In de Gantt-weergave kunt u met de muiscursor op het project of de activiteit gaan staan om een uitgebreid overzicht weer te geven. U kunt ook op de knop Alle uitvouwen klikken, zodat alle projecten en activiteiten tegelijkertijd worden uitgevouwd.

De bewerkingen in zowel de Gantt-weergave als de planningsweergave verschaffen u de volgende extra gegevens:

  • Percentage gereed

    De voortgang van een productieorderbewerking is zichtbaar middels een voortgangsbalk en een gereedheidspercentage. Als u op Gereedmeldingen tonen klikt in het betreffende menu, kunt u de voortgangsbalk en het gereedheidspercentage weergeven of verbergen.

    LN gebruikt de volgende formule om de lengte van de voortgangsbalk te berekenen:

    Geplande productietijd - Resterende productietijd / Geplande productietijd

    Met andere woorden, de voortgangsbalk laat zien welk deel van de omsteltijd en de productietijd reeds verstreken is. De buffertijd, wachttijd en verplaatsingstijd worden niet meegenomen in de berekening van de voortgang. 9Hoewel op het planbord een deel van de voortgangsbalk wordt weergegeven onder de wachttijd van de bewerking, wordt de wachttijd niet meegenomen in de berekening van de voortgang.

  • Achterstalligheid

    Een bewerking is achterstallig als de eindtijd van de bewerking later is dan de aangevraagde leverdatum van de productieorder. Indien u de cursor verplaatst naar een achterstallige bewerking, wordt zowel in kalenderdagen/uren als werktijd aangegeven hoe achterstallig de bewerking is. Als een bewerking achterstallig is, kan dit door een kleur worden aangegeven. Is de kleur rood, dan is de bewerking achterstallig. In het betreffende menu kunt u op Achterstallig weergeven in-/uitschakelen klikken om te bepalen of LN een kleur moet gebruiken om aan te geven dat een bewerking achterstallig is.
  • Doorlooptijdcomponenten

    De doorlooptijdcomponenten van de bewerkingen, zoals de buffer- en omsteltijd als de status van de bewerkingen, worden met kleuren aangegeven.

In de Gantt-weergave gebruikt u de opdrachten in het menu om de productieorders te sorteren. Door uw gegevens te sorteren, kunt u zich richten op een specifiek deel van de jobshop, zoals de productieorders voor een specifiek PCS-project of een productiestartdatum weergeven.

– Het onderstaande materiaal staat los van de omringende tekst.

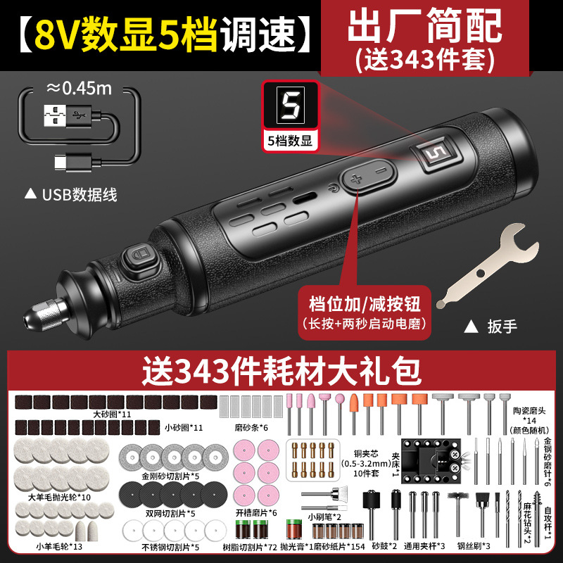 8V数显五档调速【出厂简配】+343件套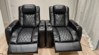 Dos butacas con motor reclinable, perfectas para crear tu propia sala de cine en casa. Diseñadas para el máximo confort (se puede reclinar, adaptar los lumbares, el reposacabezas...). De la marca Valencia Home Theater Seating, modelo Tuscany. Dimensiones: 95x110x102 cm. - Tapicería en piel de alta calidad. - Color negro. - Luces led azules - Cuadro de mandos - Incluye posavasos. - Almacenaje en los reposabrazos Están como nuevas pero las vendo a ese precio porque al gato le ha dado por limarse las uñas en las esquinas. Es el único defecto que tienen. Por lo demás, se han usado poquísimo. NO REBAJO. Nuevas valen 2000€ cada una.

U kunt u ervoor kiezen een melding te laten verschijnen als een productieorder te laat is als gevolg van een herplanning. In het betreffende menu klikt u op Planningsmeldingen in-/uitschakelen om te bepalen of een melding moet worden weergegeven.

U kunt bepalen of bewerkingen met de status Gereed op het planbord moeten worden weergegeven. In het betreffende menu klikt u op Gereed overslaan in-/uitschakelen om te bepalen of gereedgemelde bewerkingen moeten worden weergegeven.

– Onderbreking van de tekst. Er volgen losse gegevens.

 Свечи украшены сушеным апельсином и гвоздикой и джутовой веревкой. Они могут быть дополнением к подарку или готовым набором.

U kunt bepalen of u de buffertijd van de bewerking wilt weergeven door op Buffertijd weergeven in-/uitschakelen te klikken in het betreffende menu. Als de buffertijd wordt weergegeven, is de startdatum van het bewerkingsblok in het planbord gelijk aan de startdatum van de buffertijd. Als de buffertijd niet wordt weergegeven, is de startdatum van het bewerkingsblok gelijk aan de omsteltijd of stuktijd.

Gebruik de activiteitenrelaties om actieve relaties tussen bewerkingen in de Gantt-weergave weer te geven.